Booze and milky fluids don’t typically go together at the same time – rather, they’re typically separated by a few hours when you’re deep-throating your flatmate’s cousin in the backseat of his Nissan Sentra.
Creamy, chocolaty, and a smooth 17%, Lewis Road Creamery Chocolate Cream Liqueur is an exception. One might remember Lewis Road from a couple of years ago when everyone collectively lost their shit over their chocolate milk. They were sold out everywhere, Trade Me was exploding, and that sweet, sweet milk was hotter than the latest concert tickets. Nowadays, Lewis Road has upgraded to a sexy, alcoholic adult version. Think of your grandma wearing a V-neck sweater. It’s comfortable, it’s familiar, and those sagging breasts are about to feed you some clotted cream. There’s history there, but an unexplored underbelly of forbidden fruits.

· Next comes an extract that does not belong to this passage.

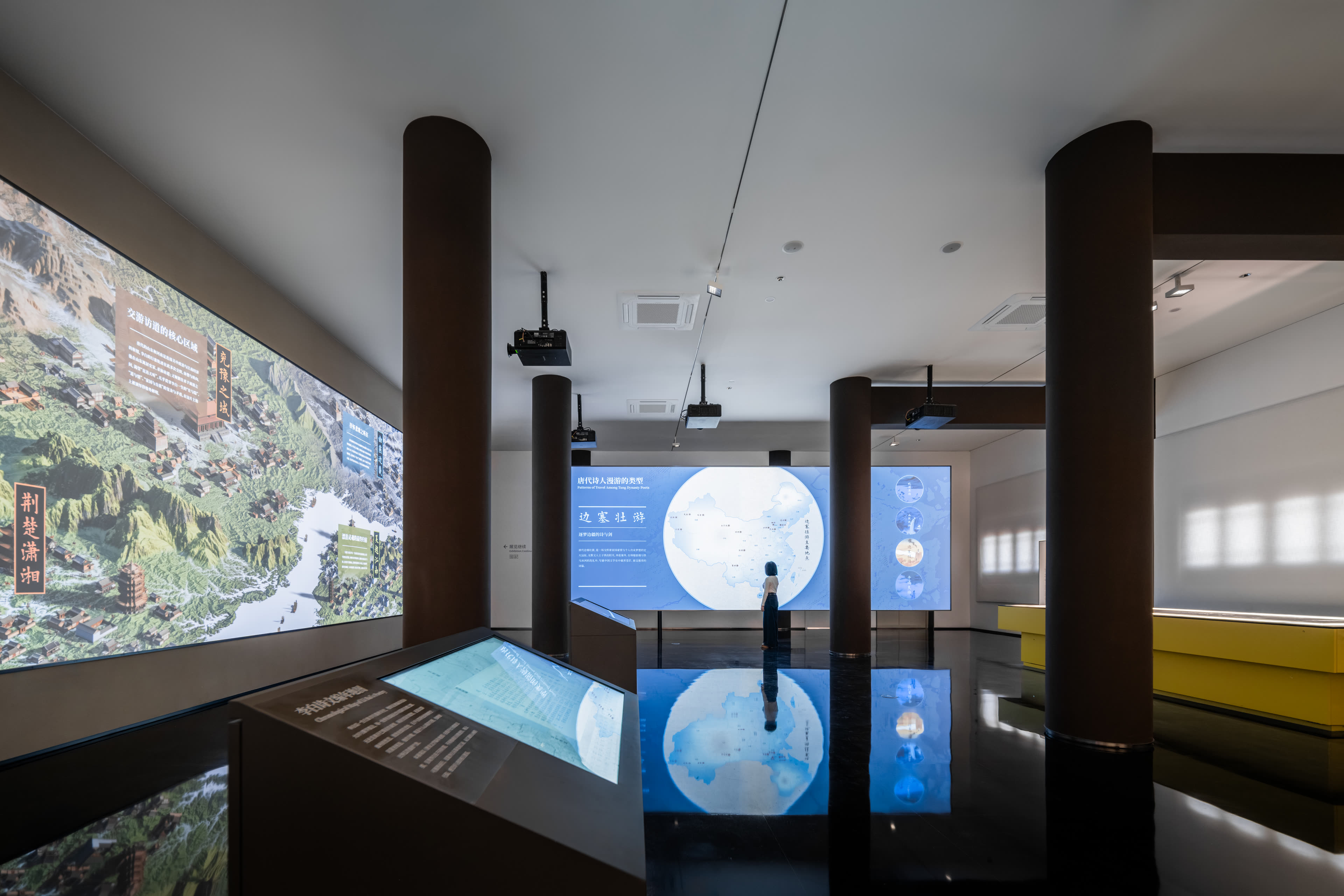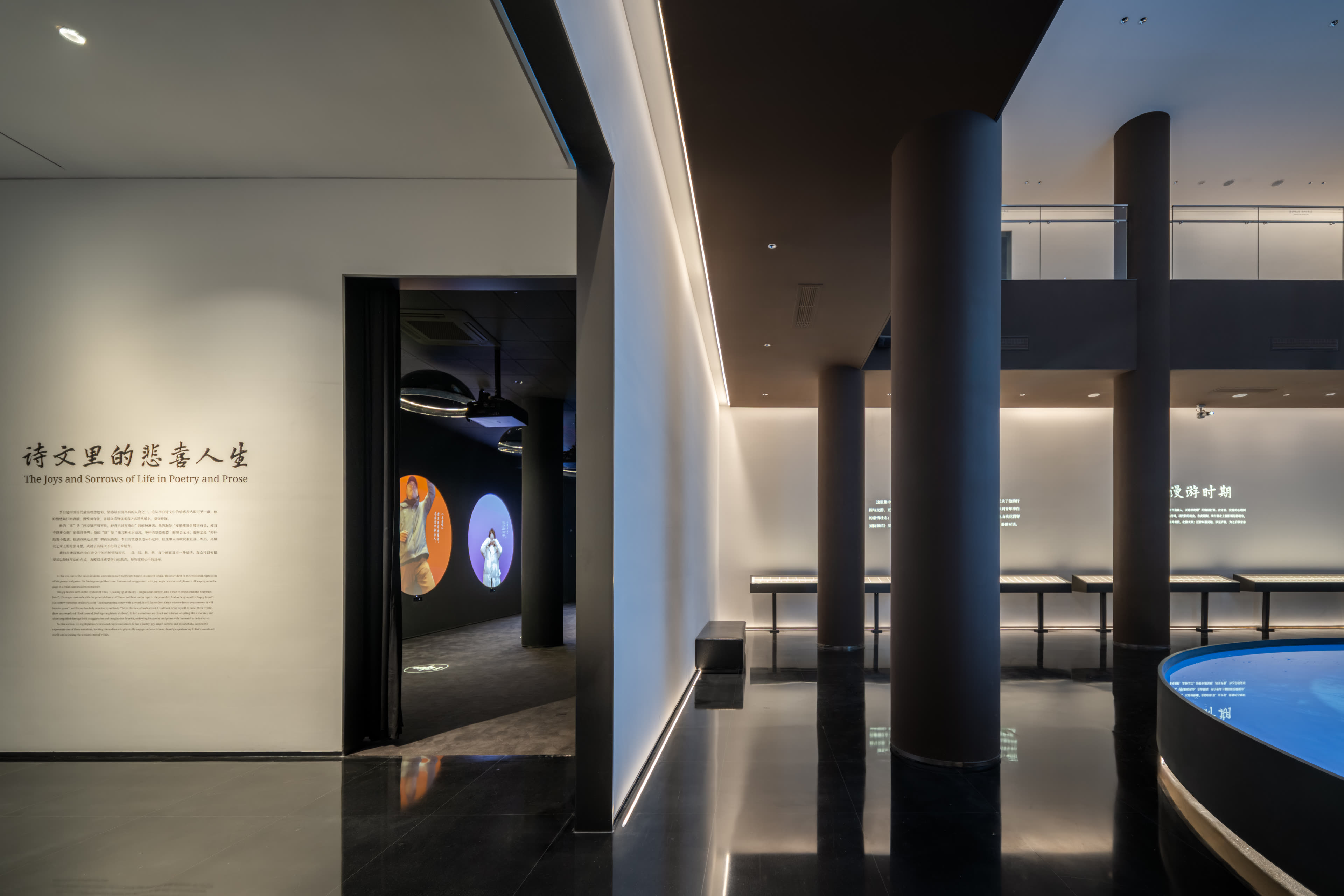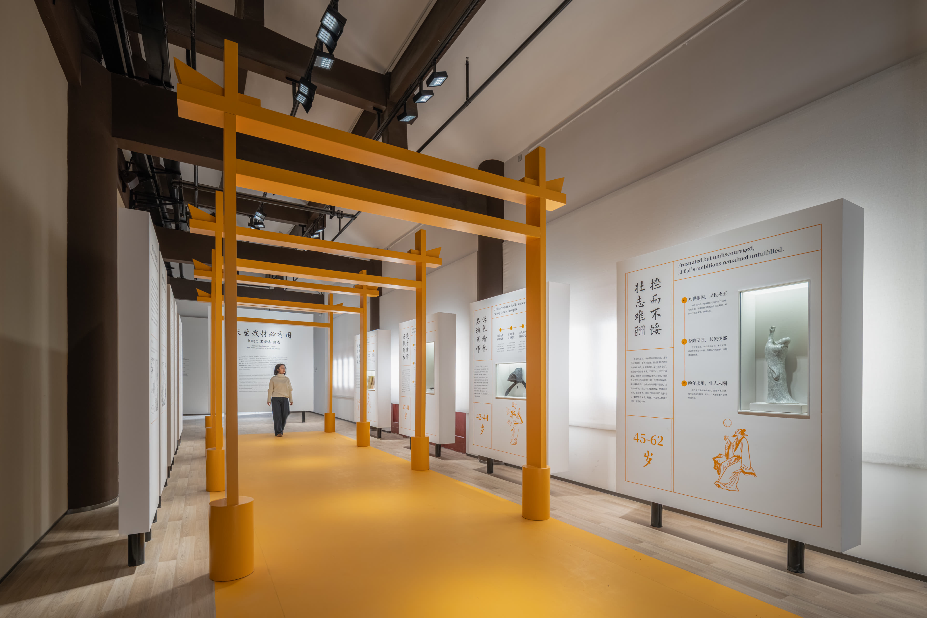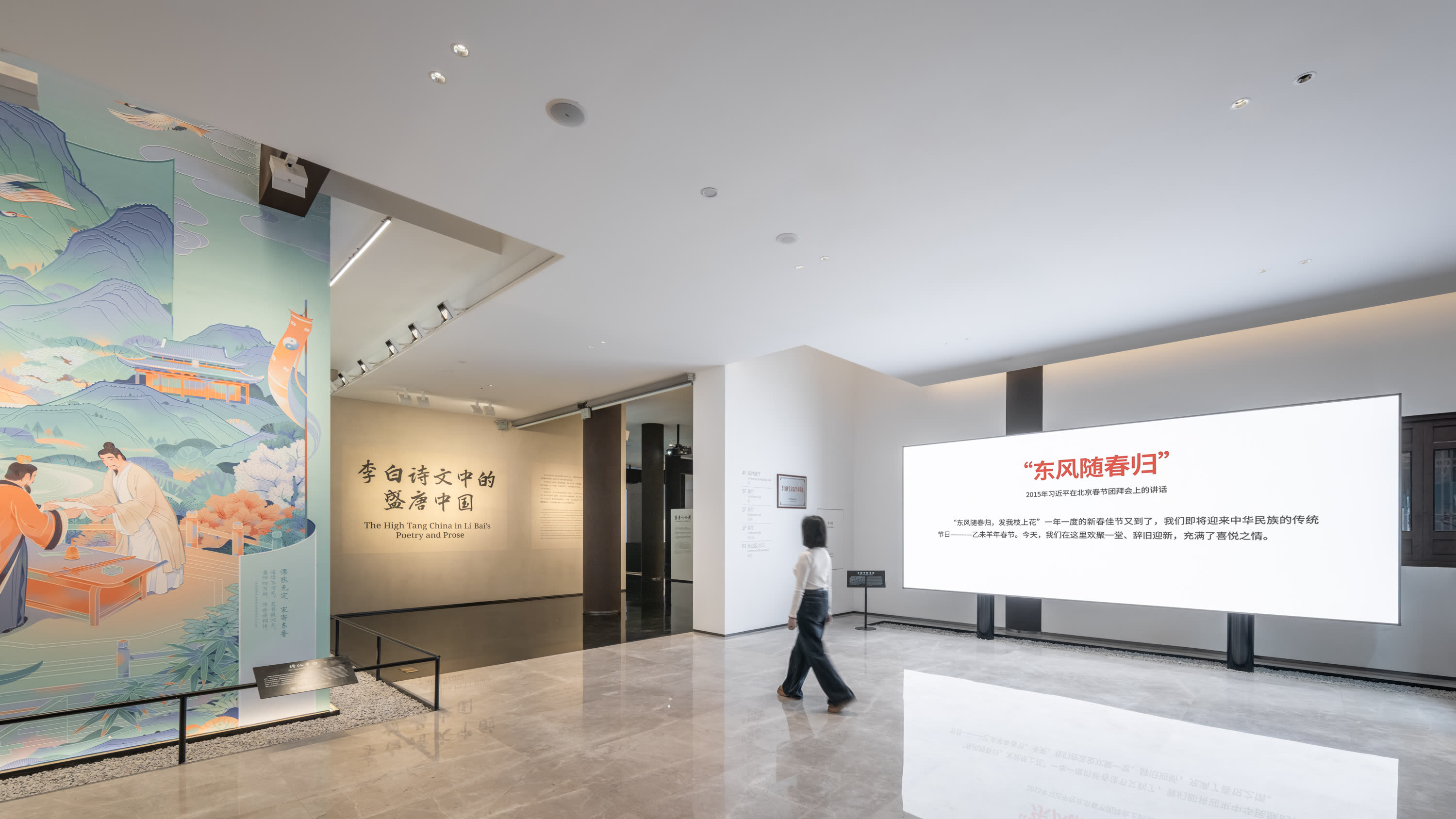 安陆是李白一生重要的游踪地和长住地,在此度过了十余年的时光,长期居住在纪念馆所在的白兆山中。当下,白兆山已成为一处风景秀丽、诗意浓郁的综合文旅景区,是游览观光、文化研学的热门目的地。直径叙事有幸,承担了此次纪念馆的策展、设计及施工制作任务。结合项目特质,此次升级改造我们明确了四个核心关键词:文旅底色、当代叙事、浪漫主义、在地视角,希望对“文旅景区里的历史人物叙事”进行一次有价值的策展探索。

Liqueur is strangely comforting, like sex with socks. The chocolate is your warm, sweaty feet. Your naked body is the alcohol that lubricates your social anxiety. The orgasm will come quietly, with a warm aftertaste of a mother’s love. The only thing that’s hard to swallow here is the truth – it’s fucking delicious and you’ve been wasting your time drinking shitty craft beer. You fools. Yeah it’s probably a bit more expensive than the average booze, but if you can afford to spend $17.50 on drunken Maccas every Saturday night, then you can splash out on this. It’s called self-love, Samantha.
Lewis Road Creamery Chocolate Cream Liqueur reminds you of your childhood. The idyllic golden years of chocolate Nesquik and stolen spirits from your parents’ cabinet. Going to birthday parties and having that cute thot from your maths class subtly grind against you in a game of musical chairs. Looking away during movie sex scenes with your parents, but sniffing PVA glue behind the sports field with your mates. It’s classy, but a little bit slutty. I miss you every day Grandma.
Taste Rating: 8/10
Froth Level: Taking some cute photos with the girls before you hook up with your ex.
Pairs well with: Long lines, family reunions, V-neck sweaters.
Tasting notes: The milk that your flatmates keep forgetting to buy. It’s been two weeks.